§ **Prompt**
Print exactly the lines below between the line containing "La tela base" and the line containing "Social media has", counting both of those lines. Leave pictures out.

(Collected data)
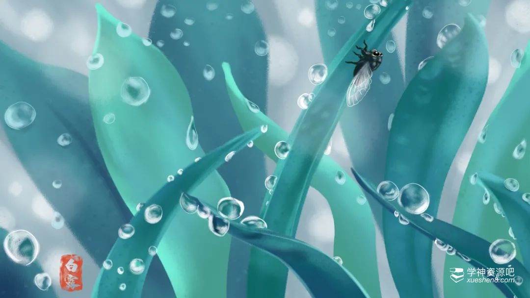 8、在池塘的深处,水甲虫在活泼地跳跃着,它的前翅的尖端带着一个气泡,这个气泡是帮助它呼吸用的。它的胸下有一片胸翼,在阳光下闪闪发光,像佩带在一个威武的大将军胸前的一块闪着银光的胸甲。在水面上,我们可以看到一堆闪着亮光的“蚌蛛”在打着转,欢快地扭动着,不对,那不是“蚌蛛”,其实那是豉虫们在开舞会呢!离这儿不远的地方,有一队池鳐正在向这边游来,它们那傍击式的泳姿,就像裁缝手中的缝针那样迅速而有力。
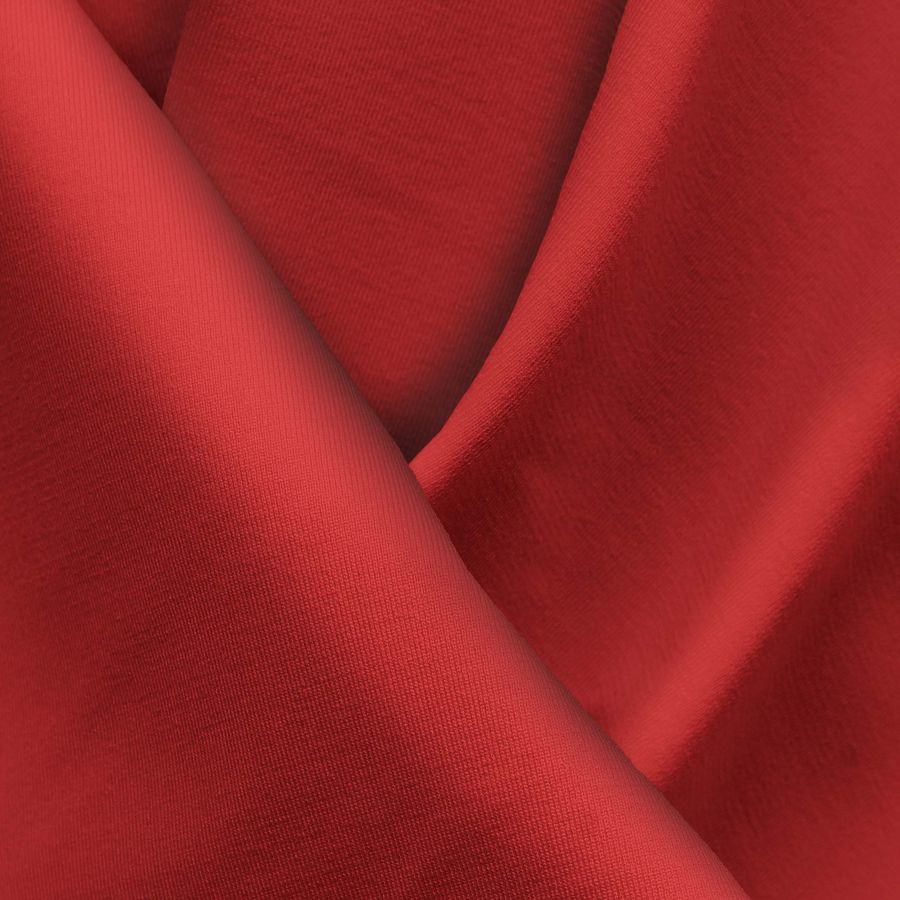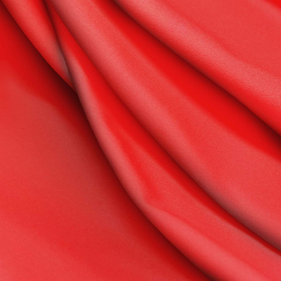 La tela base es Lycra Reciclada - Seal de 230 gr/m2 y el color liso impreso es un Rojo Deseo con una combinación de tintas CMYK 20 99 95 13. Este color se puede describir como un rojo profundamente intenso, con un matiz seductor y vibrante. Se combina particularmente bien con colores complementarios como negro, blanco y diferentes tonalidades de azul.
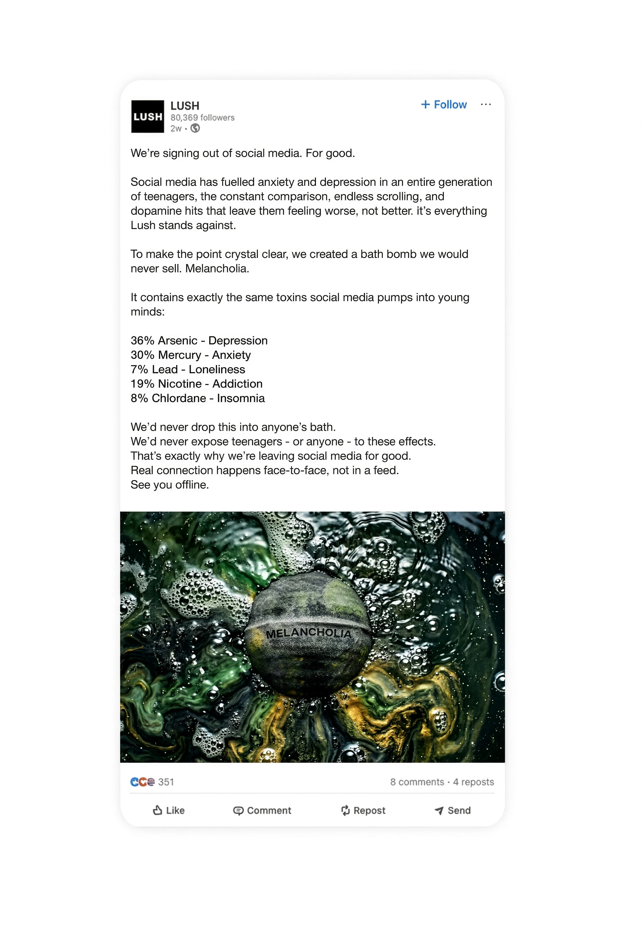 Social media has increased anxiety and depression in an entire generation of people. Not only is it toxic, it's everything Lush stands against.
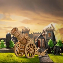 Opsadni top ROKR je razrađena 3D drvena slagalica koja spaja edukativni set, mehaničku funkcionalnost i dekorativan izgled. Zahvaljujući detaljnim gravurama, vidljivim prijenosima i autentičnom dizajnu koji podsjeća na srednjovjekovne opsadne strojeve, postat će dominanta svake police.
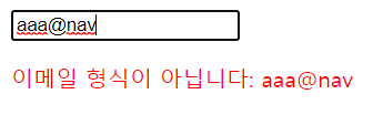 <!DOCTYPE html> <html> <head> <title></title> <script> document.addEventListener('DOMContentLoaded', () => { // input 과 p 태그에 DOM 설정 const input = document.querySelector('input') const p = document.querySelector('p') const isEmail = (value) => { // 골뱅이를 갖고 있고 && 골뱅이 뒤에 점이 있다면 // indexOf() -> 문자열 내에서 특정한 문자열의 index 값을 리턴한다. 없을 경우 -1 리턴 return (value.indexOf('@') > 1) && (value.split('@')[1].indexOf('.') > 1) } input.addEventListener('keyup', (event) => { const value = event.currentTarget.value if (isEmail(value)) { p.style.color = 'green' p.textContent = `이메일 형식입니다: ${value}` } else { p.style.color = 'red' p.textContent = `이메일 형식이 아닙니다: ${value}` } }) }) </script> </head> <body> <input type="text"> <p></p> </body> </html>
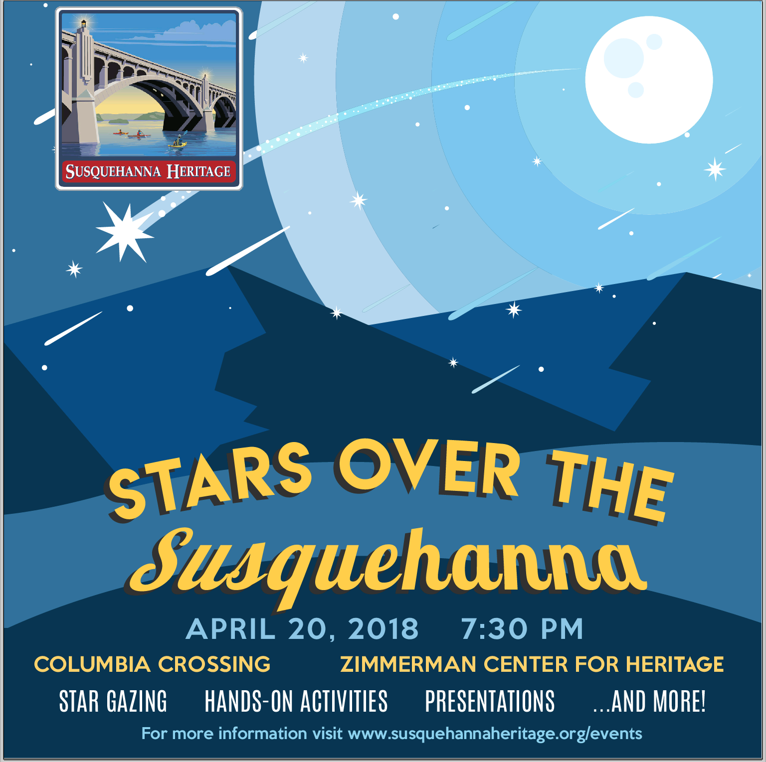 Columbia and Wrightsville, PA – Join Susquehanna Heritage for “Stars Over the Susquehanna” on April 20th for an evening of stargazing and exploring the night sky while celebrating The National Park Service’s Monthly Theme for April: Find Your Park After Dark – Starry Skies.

§ **Answer area**
 La tela base es Lycra Reciclada - Seal de 230 gr/m2 y el color liso impreso es un Rojo Deseo con una combinación de tintas CMYK 20 99 95 13. Este color se puede describir como un rojo profundamente intenso, con un matiz seductor y vibrante. Se combina particularmente bien con colores complementarios como negro, blanco y diferentes tonalidades de azul.
 Social media has increased anxiety and depression in an entire generation of people. Not only is it toxic, it's everything Lush stands against.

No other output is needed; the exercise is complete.